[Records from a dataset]
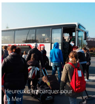
Heureux d'embarquer pour La Mer

N'oublions pas le quartier St-Piat. Du lait a été offert
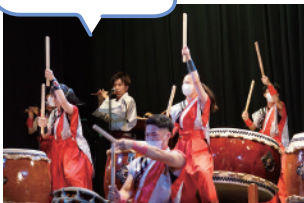
震災復興応援 和太鼓コンサート 2022
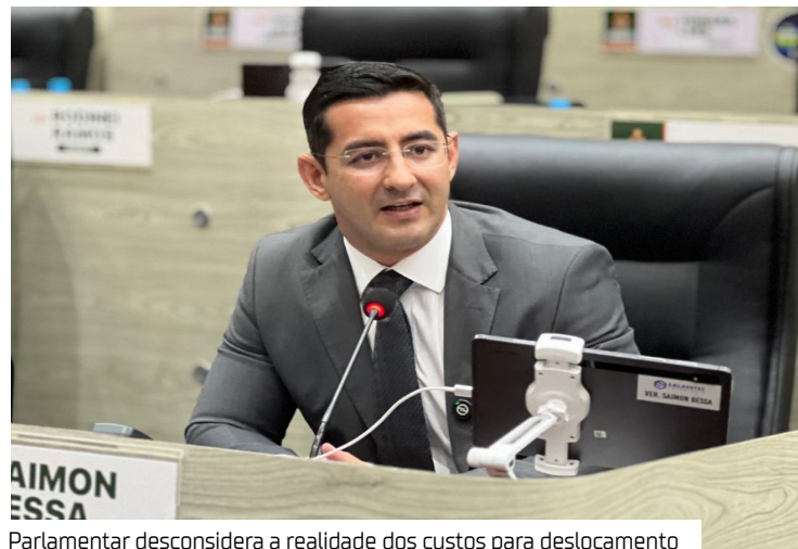
Parlamentar desconsidera a realidade dos custos para deslocamento
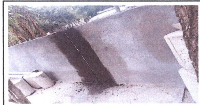
columnas en el muro perimetral

Observación: Si es necesario se pueden agregar hojas adicionales y actualizar el número de hojas.
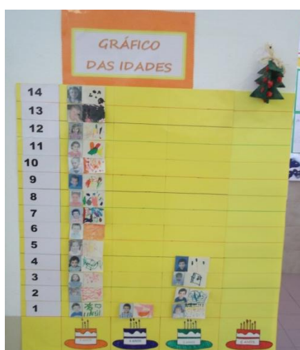
Figura 2 - Gráfico das idades
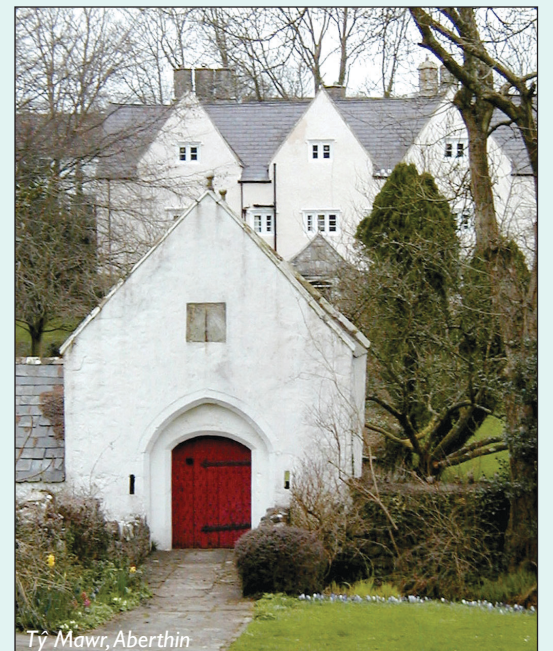
Tŷ Mawr, Aberthin

Pellter: 6 1/2 milltir (teithiau byrrach 5 3/4 a 3 milltir)
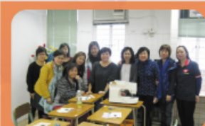
家長學院 鎖匙包製作班活動 加強了家長間的溝通，彼此交 換一下教子心得。
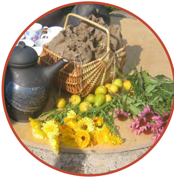
小規模ファームでの体験

古くから続くファームや工房を訪ねて田園の息吹を発見したり、何世代にも渡って受け継がれてきた現代にも生きるユニークな伝統を実際に目にしてみましょう。
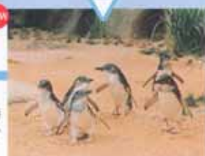
13 KOGATA企鹅 这里的饲养场与澳大利亚南部的海滨沙滩一模一样,来看看世界上最小的KOGATA企鹅吧。
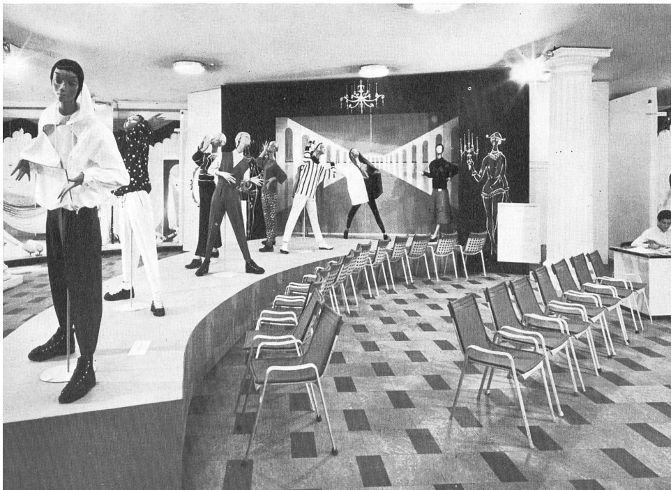
Vestidos de deporte.
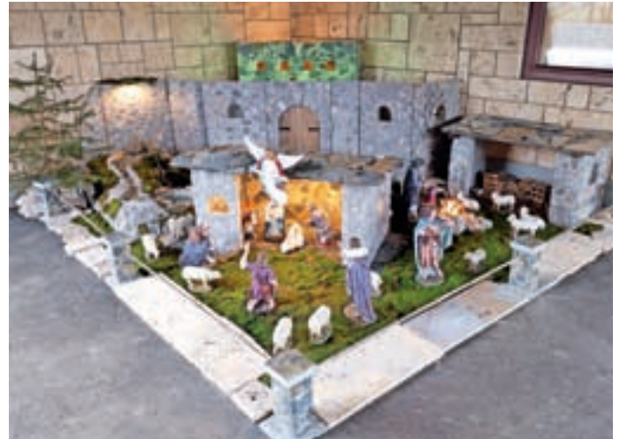
Jaslice pri cerkvi sv. Martina v Poljanah so bile letos postavljene zunaj, ker so v cerkvi potrebovali prostor za potrebe prenosa polnočnice na RTV Slovenija.
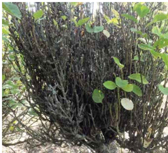
Balai sur Prunelier
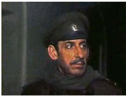
Владимир Басов в роли Мышлаевского в фильме «Дни Турбинных».
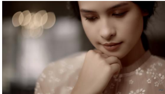
Gambar 4 Senyuman tipis : Kamu & Kenangan (Official Music Video)
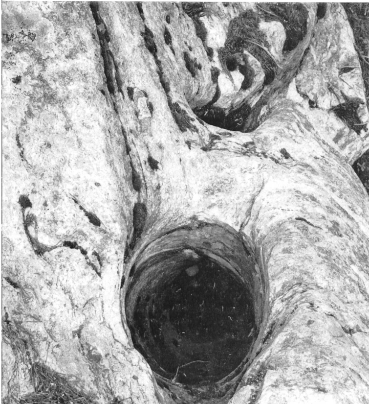
Bild 122 Gletschermühle im anstehenden Granit mit deutlich sichtbaren Schraubengängen

wiederholt sich die strahlende Pracht der Seen von Sils, von Silvaplana und von St. Moritz, geboren aus einem rätselhaften Zusammenwirken der eiszeitlichen Gletscher und der wilden Wasser aus den Seitentälern. Es ist kein Wunder, dass sich durch Jahrzehnte die Freunde einer unverfälschten Bergnatur um ihre Erhaltung bemühten. — Anno 1946 hat der Schweizer Heimatschutz um des wundersamen Silsersees willen den «Schokoladetaler» geschaffen, den entscheidenden Beitrag zur Abgeltung der Besitzergemeinden Sils und Stampa im Bergell geleistet, in der Folge mitgeholfen, sämtliche Masten und Leitungen im Fex tal zu verkabeln und endlich dem Schweizerischen Bund für Naturschutz die Sicherung und den Ankauf der Gletschermühlen-Landschaft auf Maloja ermöglicht.

**PROMPT**. Without any of its images, the data above should be returned exactly.

**COMPLETED EXERCISE**.
Heureux d'embarquer pour La Mer

N'oublions pas le quartier St-Piat. Du lait a été offert
震災復興応援 和太鼓コンサート 2022
Parlamentar desconsidera a realidade dos custos para deslocamento
columnas en el muro perimetral

Observación: Si es necesario se pueden agregar hojas adicionales y actualizar el número de hojas.
Figura 2 - Gráfico das idades
Tŷ Mawr, Aberthin

Pellter: 6 1/2 milltir (teithiau byrrach 5 3/4 a 3 milltir)
家長學院 鎖匙包製作班活動 加強了家長間的溝通，彼此交 換一下教子心得。
小規模ファームでの体験

古くから続くファームや工房を訪ねて田園の息吹を発見したり、何世代にも渡って受け継がれてきた現代にも生きるユニークな伝統を実際に目にしてみましょう。
13 KOGATA企鹅 这里的饲养场与澳大利亚南部的海滨沙滩一模一样,来看看世界上最小的KOGATA企鹅吧。
Vestidos de deporte.
Jaslice pri cerkvi sv. Martina v Poljanah so bile letos postavljene zunaj, ker so v cerkvi potrebovali prostor za potrebe prenosa polnočnice na RTV Slovenija.
Balai sur Prunelier
Владимир Басов в роли Мышлаевского в фильме «Дни Турбинных».
Gambar 4 Senyuman tipis : Kamu & Kenangan (Official Music Video)
Bild 122 Gletschermühle im anstehenden Granit mit deutlich sichtbaren Schraubengängen

wiederholt sich die strahlende Pracht der Seen von Sils, von Silvaplana und von St. Moritz, geboren aus einem rätselhaften Zusammenwirken der eiszeitlichen Gletscher und der wilden Wasser aus den Seitentälern. Es ist kein Wunder, dass sich durch Jahrzehnte die Freunde einer unverfälschten Bergnatur um ihre Erhaltung bemühten. — Anno 1946 hat der Schweizer Heimatschutz um des wundersamen Silsersees willen den «Schokoladetaler» geschaffen, den entscheidenden Beitrag zur Abgeltung der Besitzergemeinden Sils und Stampa im Bergell geleistet, in der Folge mitgeholfen, sämtliche Masten und Leitungen im Fex tal zu verkabeln und endlich dem Schweizerischen Bund für Naturschutz die Sicherung und den Ankauf der Gletschermühlen-Landschaft auf Maloja ermöglicht.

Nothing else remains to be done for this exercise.